In the case of the Entergy internal legal report, both factors come into play. Entergy is being sued, and personnel matters are almost certainly involved in the report. Entergy asked that information about the underground piping be revealed to the public, and other information be sealed. That is the appropriate thing to do. Hopefully, the Public Service Board will be aware of how it must treat confidential information, and it will honor Entergy's request.
Aside: Of course, Entergy's request led to predictable outcries from the Conservation Law Foundation (CLF), which would love to see everything, since CLF is suing Entergy. Basically, CLF wants VY shut down so their natural gas plant can make more money. End Aside.
NRC Excludes Press: Secrecy No
The NRC recently issued an invitation to a meeting for legislators to ask questions about Vermont Yankee. The meeting is to take place in New Hampshire. Neither the public nor the press is invited. According to the NRC, they hold meetings of this type for stakeholders regularly, and such meetings allow legislators to ask questions and receive answers without fear of being quoted or misquoted in the press.
As far as I can tell, an informational meeting is probably not in violation of sunshine laws, though the line between legislators-gathering-information and legislators-deliberating seems way too fuzzy to me. These meetings could be in violation of sunshine laws. Anti-nuclear activists definitely think the sunshine laws are being violated.

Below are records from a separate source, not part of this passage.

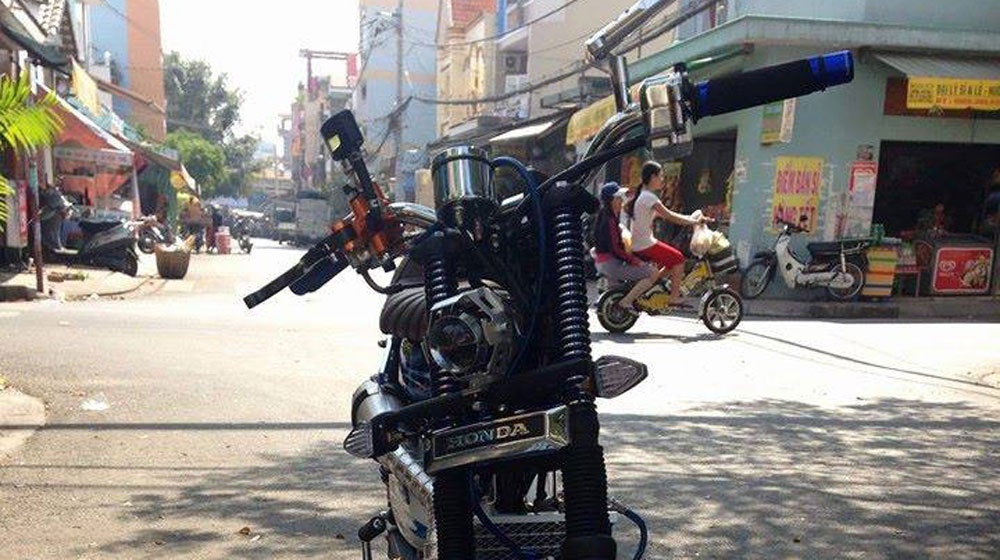 Một biker trẻ tại Sài Gòn mới đây đã gây bất ngờ cho rất nhiều người khi tự tay độ chiếc Honda Cub của mình theo một phong cách hoàn toàn mới. Xe được trang bị thêm một loạt chi tiết hàng hiệu thường xuất hiện trên những mẫu xe thể thao phân khối lớn. Có thể kể đến một vài cái tên như dàn đầu cứng cáp với đèn pha cầu Xenon, bao tay Rizoma gù xéo, bình dầu Rizoma Next.
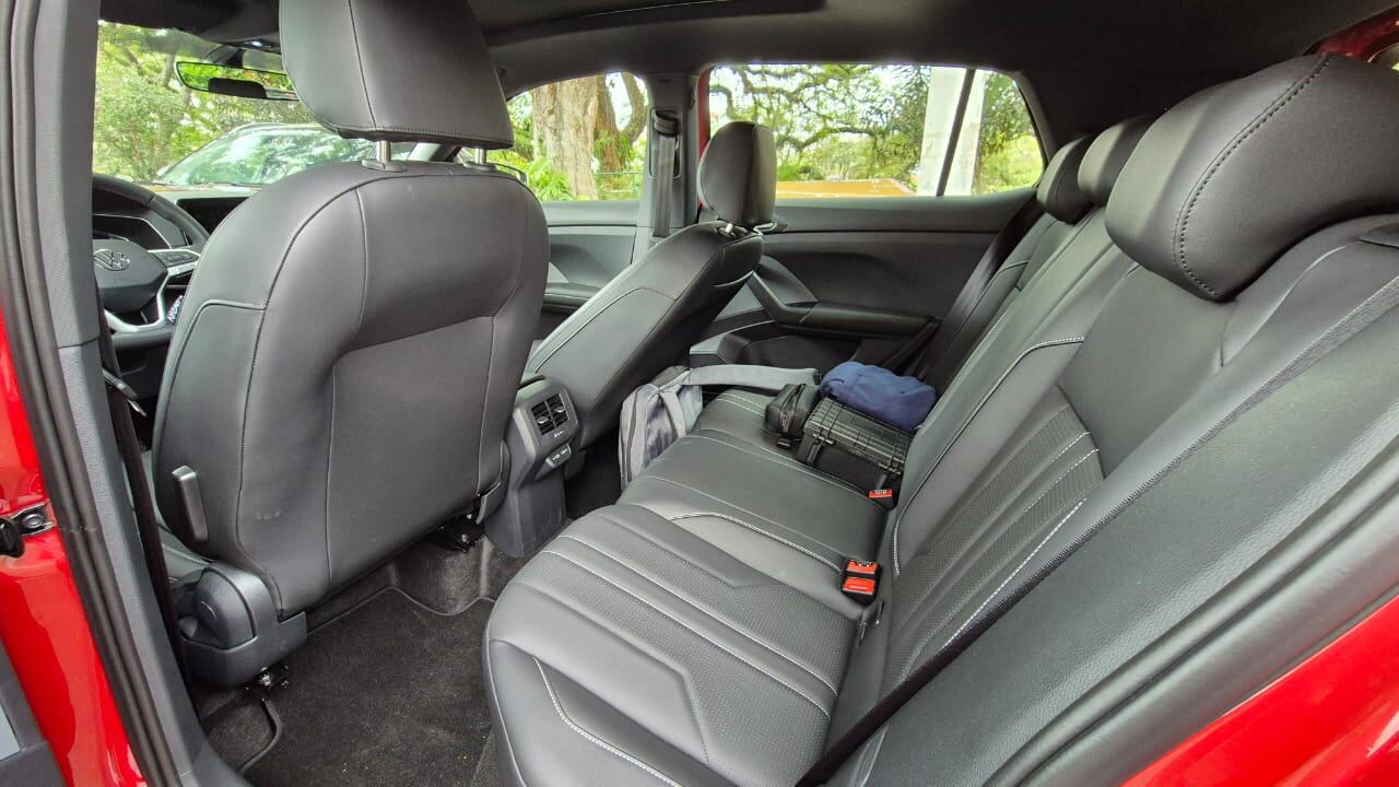 O T-Cross é menor, com 4,21 m de comprimento, 1,76 m de largura e 1,57 m de altura, mas mantém entre-eixos idêntico de 2,65 m e oferece 373 litros de bagagem. A diferença favorece o Kicks em espaço interno e capacidade de carga.
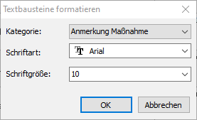 Ab Version 3.9 kann der Inhalt von Textbausteinen formatiert werden. Die Formatierung gilt global für die gewählte Textbaustein-Kategorie in Bezug auf Schriftart und Schriftgröße.
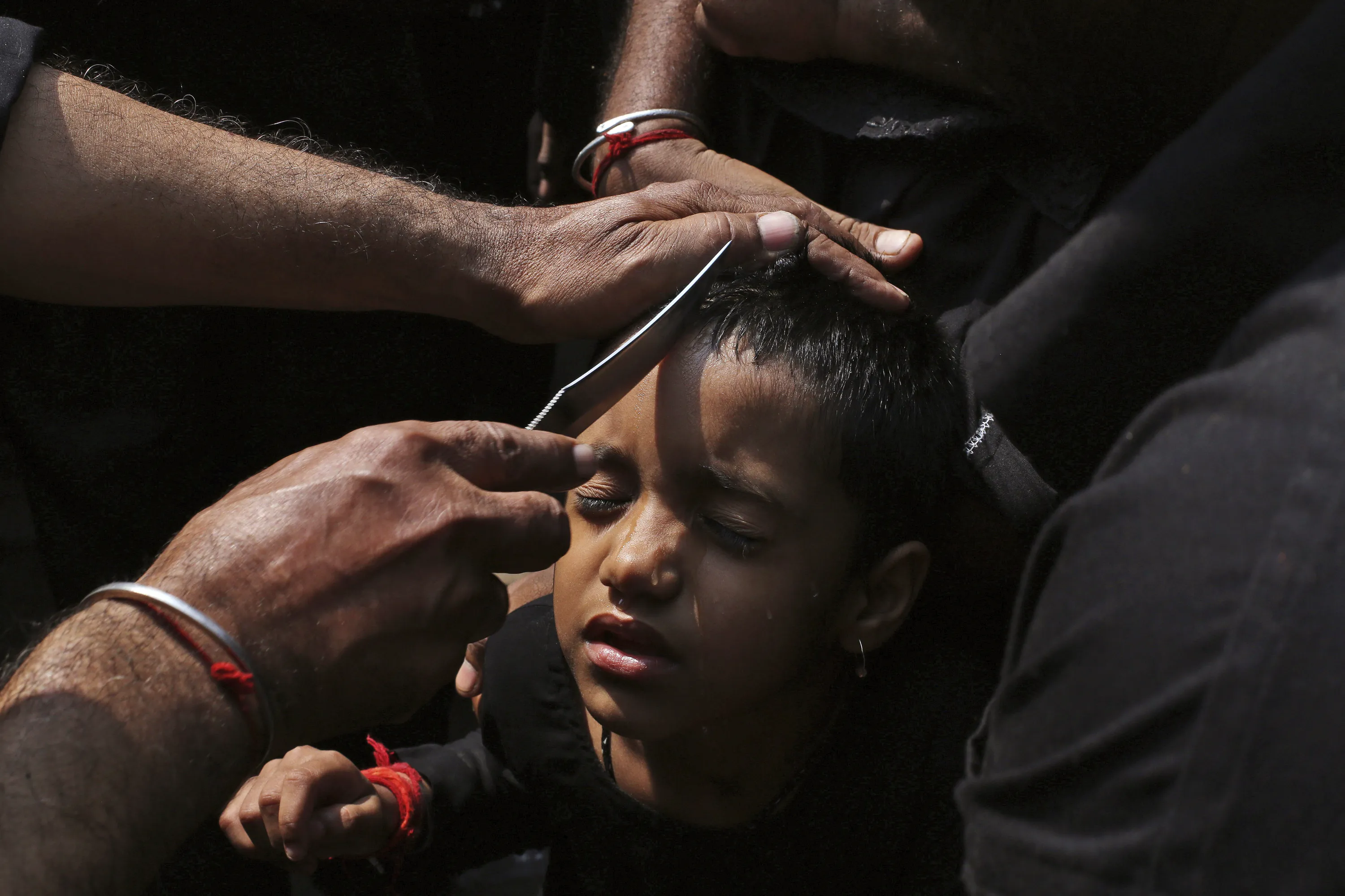 An Indian Shiite Muslim man prepares to make a cut on the forehead of a child with a knife during a procession to mark Ashoura in Hyderabad, India, Saturday, October 24, 2015. Ashoura is the 10th day of Muharram, the first month of the Islamic calendar, observed around the world in remembrance of the martyrdom of Imam Hussein, the grandson of Prophet Mohammed. (Photo by Mahesh Kumar A./AP Photo)

I can understand why the NRC would choose to hold a closed meeting. The public meetings are not just contentious, they can be dangerous. In spring 2009, local activist Sally Shaw attended an open meeting with NRC and Entergy. She walked up to the table and spread manure on papers and into water glasses. Letters-to-the-editor applauded her actions. In a separate incident about Vermont Yankee, the PSB building was attacked with deer-urine. Most of the open meetings turn into complete circuses, with people shouting, pretending to have loud intercourse, singing and drowning out the speakers. You get the picture.
Despite all of this, the NRC will hold a seven-hour-long open meeting on the same topics on April 12. This meeting is described in the article about the closed meeting.
What is my conclusion about this? The closed meeting may or may not violate the sunshine laws. A separate open meeting will be held. The open meetings often turn into circuses. All sorts of reasons to hold a closed meeting, I guess.
My conclusion: I object to the NRC holding a closed meeting.
It's simple. If you want people to trust the NRC and trust the plant, you have to be open. You answer questions for everyone, with the press in attendance. That's almost the definition of "open."
This does not mean you have to put up with disruptions, deer urine, manure, people shouting and singing and drowning out the speakers. Such actions violate laws (from disorderly conduct through assault). Security measures at the meeting are the correct answer to these problems. Secret meetings are the wrong answer.
This Just In
The Rutland Herald reports that the NRC is canceling the closed meeting.
The illustration shows the building at Westminster which was the home of the infamous British Star Chamber court. Its deliberations were secret and its judgments could not be appealed.